Vendor Security Assessment — Pre-Answered

This section pre-answers the standard vendor security questionnaire (SIG/CAIQ/VSA). If your organization sends an annual security assessment, the answers below cover the typical questions. FloorPulse is on-premises software — many cloud/SaaS questions resolve to "customer-controlled."

Last updated: March 2026. Contact contact@floorpulse.net if your questionnaire includes questions not covered here.

1. Company & Product Information

Legal entity nameFloorPulseNet LLC
Product nameFloorPulse
Product descriptionOn-premises production floor management software for Mail Service Providers. Barcode-driven tray tagging, pallet placard generation, and real-time job visibility.
Deployment modelOn-premises only. Docker containers on customer-owned hardware. No cloud, no SaaS, no hosted option.
What data does the product process?mail.dat files (USPS DTAC/IDEAlliance standard): job metadata, container/tray definitions, piece-level barcodes (Intelligent Mail barcodes). May include recipient ZIP codes and delivery route codes. All data stays on the customer's local server.
Does the vendor have access to customer data?No. The vendor has no remote access, no API access, and no network path to customer installations. Support access requires the customer to explicitly grant it (e.g., TeamViewer, VPN).
Number of employees with access to customer dataZero. See above.

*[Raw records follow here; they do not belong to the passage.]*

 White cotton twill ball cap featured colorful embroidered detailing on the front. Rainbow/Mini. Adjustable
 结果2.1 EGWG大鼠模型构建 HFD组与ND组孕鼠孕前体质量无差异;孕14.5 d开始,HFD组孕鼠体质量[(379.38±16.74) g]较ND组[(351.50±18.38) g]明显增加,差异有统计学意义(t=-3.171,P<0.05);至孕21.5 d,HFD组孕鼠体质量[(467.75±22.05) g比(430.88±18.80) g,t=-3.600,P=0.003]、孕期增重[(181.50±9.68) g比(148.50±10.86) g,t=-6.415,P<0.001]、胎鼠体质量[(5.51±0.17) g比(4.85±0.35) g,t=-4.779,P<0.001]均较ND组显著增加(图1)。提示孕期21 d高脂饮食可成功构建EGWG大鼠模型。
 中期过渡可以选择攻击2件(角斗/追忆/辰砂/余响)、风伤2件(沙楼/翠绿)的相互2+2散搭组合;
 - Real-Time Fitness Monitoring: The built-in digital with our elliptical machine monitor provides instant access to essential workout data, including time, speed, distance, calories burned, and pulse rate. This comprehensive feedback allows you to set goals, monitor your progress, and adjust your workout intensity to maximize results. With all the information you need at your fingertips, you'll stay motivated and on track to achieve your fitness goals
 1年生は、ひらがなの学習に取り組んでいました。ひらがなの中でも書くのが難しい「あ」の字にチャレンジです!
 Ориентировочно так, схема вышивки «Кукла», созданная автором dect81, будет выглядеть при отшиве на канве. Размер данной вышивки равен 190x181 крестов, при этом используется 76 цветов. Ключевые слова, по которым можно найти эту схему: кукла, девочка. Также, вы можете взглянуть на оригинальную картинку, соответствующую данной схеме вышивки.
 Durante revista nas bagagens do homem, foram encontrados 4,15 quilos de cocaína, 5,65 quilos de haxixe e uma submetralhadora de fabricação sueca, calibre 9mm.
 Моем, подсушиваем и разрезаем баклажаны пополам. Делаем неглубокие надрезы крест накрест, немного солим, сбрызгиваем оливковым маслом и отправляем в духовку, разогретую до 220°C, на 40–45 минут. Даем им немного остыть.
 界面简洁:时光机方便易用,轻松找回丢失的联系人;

2. Data Handling & Storage

Where is customer data stored?On the customer's server, in a PostgreSQL database running in a Docker container. Data is stored in a Docker volume on the local filesystem. No data is stored off-premises.
Is data encrypted at rest?The application does not implement its own disk encryption. Encryption at rest is the responsibility of the host operating system (BitLocker, LUKS, FileVault, etc.). The customer controls this.
Is data encrypted in transit?HTTPS (TLS 1.2+) is supported for browser connections. Internal database communication is localhost-only (no network transit). Printer communication uses raw TCP (ZPL/LDS protocols — industry standard, no TLS variant exists).
Is data transmitted to third parties?No. Production data never leaves the server. No third-party analytics, no subprocessors, no data sharing.
Is data transmitted to the vendor?No. The only outbound connections are optional HTTPS GETs to check for software updates and license renewal. These requests contain no customer data — they read a static JSON file.
What PII is processed?Piece-level records contain Intelligent Mail barcodes encoding delivery point ZIP+4 codes and routing information. No names, addresses, email addresses, phone numbers, SSNs, or financial data are imported. The mail.dat specification includes a CDR (Certificate of Mailing Detail Record) file type that can contain recipient names and addresses — FloorPulse explicitly does not import this file type. Only the seven file types required for production operations are consumed.
Data retention policyConfigurable by the customer. Piece-level barcode data can be auto-purged after a configurable number of days (default: 60). Job records can be retained indefinitely or purged on schedule. The customer controls retention through the Configuration UI.
Data deletion / right to erasureThe customer has full database access (admin and read-only users) and can delete any data at any time. A "Database Reset" function is available in the Configuration UI. The vendor has no data to delete because the vendor holds no customer data.
Data backupCustomer-managed. Standard PostgreSQL backup tools apply: pg_dump from the container. The vendor does not perform or manage backups.

3. Network Security

Does the product require inbound internet access?No. No inbound connections from outside the customer's network are required or accepted.
Does the product require outbound internet access?Optional. Three outbound HTTPS endpoints are used for update checks (floorpulse.net), image downloads (ghcr.io), and license renewal (api.github.com). All are read-only GETs. The product functions fully without internet.
What ports does the product use?Inbound: 5000 (HTTP), 5001 (HTTPS) — LAN only. Outbound LAN: 9100 (thermal printers), 631 (laser printers). Internal: 5432 (PostgreSQL, localhost only). See Firewall Rules section for complete details.
Does the product open a listening port accessible from the internet?No. The application listens on LAN interfaces only. Exposing it to the internet is not supported and not recommended.
Does the product use a VPN or tunnel?No.
Does the product use WebSockets?Yes. SignalR (WebSocket) is used for real-time updates between the server and browser clients on the LAN. This is internal traffic only.
TLS versionTLS 1.2 and 1.3, determined by the .NET runtime and host OS configuration.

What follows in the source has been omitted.